— Work required —
The entries are to be duplicated exactly, though any picture in them must be omitted.

━━━━━━━━━━━━━━━━━━━━

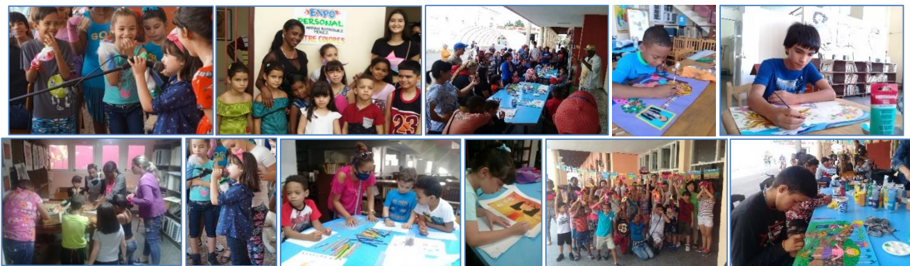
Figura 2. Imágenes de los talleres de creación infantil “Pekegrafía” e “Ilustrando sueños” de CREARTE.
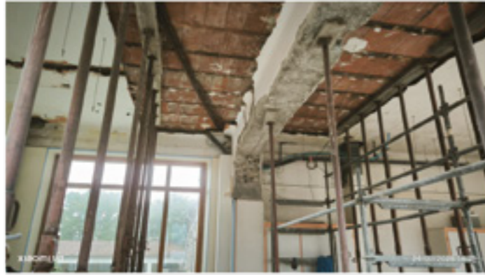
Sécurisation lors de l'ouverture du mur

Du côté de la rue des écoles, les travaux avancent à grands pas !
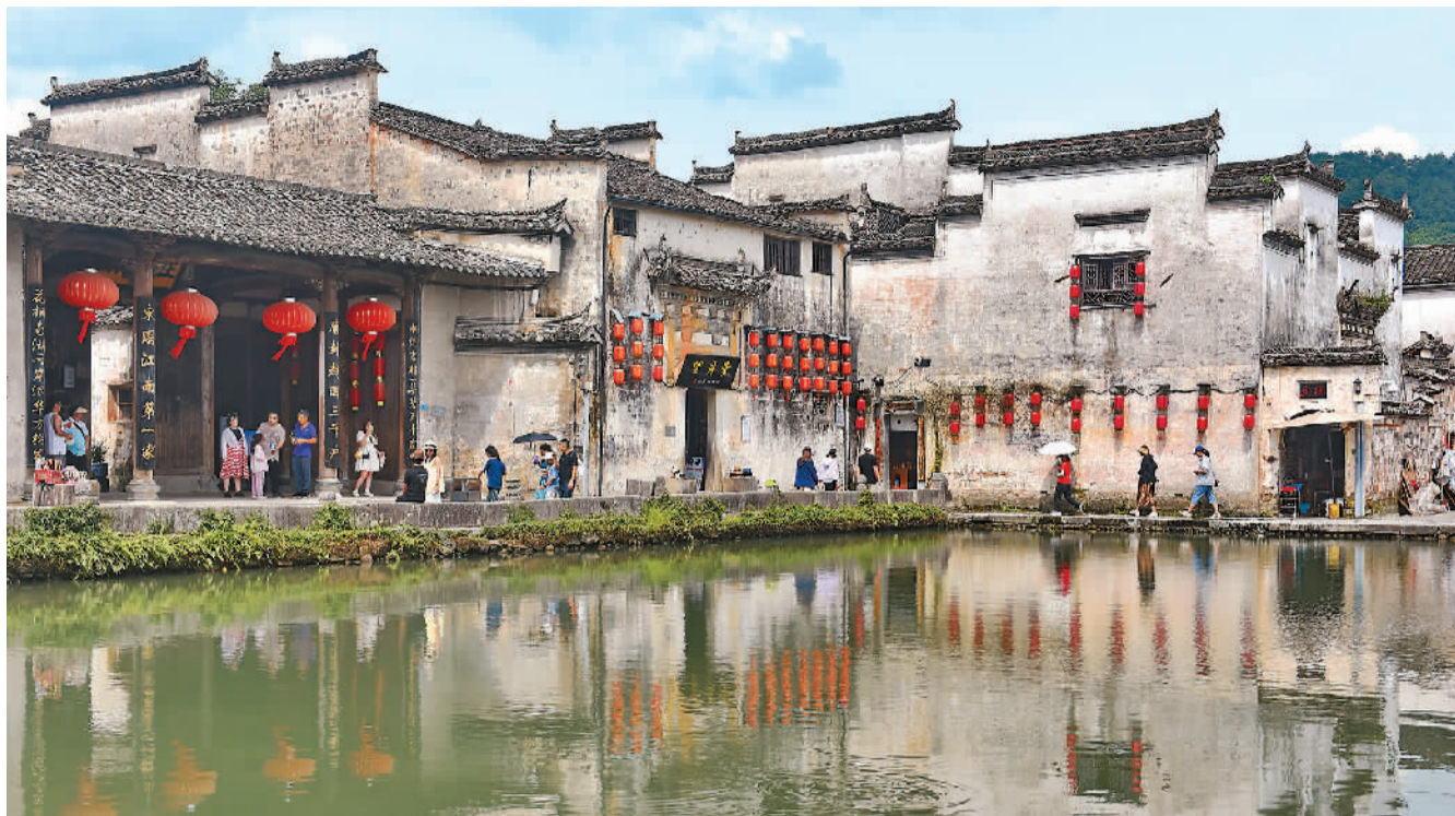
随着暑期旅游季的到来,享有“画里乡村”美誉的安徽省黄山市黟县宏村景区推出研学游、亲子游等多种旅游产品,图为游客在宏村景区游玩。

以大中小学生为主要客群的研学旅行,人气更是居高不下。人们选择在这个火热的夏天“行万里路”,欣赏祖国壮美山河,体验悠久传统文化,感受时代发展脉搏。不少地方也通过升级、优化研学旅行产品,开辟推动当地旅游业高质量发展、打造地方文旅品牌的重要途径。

━━━━━━━━━━━━━━━━━━━━

— Solution to the exercise —
Figura 2. Imágenes de los talleres de creación infantil “Pekegrafía” e “Ilustrando sueños” de CREARTE.
Sécurisation lors de l'ouverture du mur

Du côté de la rue des écoles, les travaux avancent à grands pas !
随着暑期旅游季的到来,享有“画里乡村”美誉的安徽省黄山市黟县宏村景区推出研学游、亲子游等多种旅游产品,图为游客在宏村景区游玩。

以大中小学生为主要客群的研学旅行,人气更是居高不下。人们选择在这个火热的夏天“行万里路”,欣赏祖国壮美山河,体验悠久传统文化,感受时代发展脉搏。不少地方也通过升级、优化研学旅行产品,开辟推动当地旅游业高质量发展、打造地方文旅品牌的重要途径。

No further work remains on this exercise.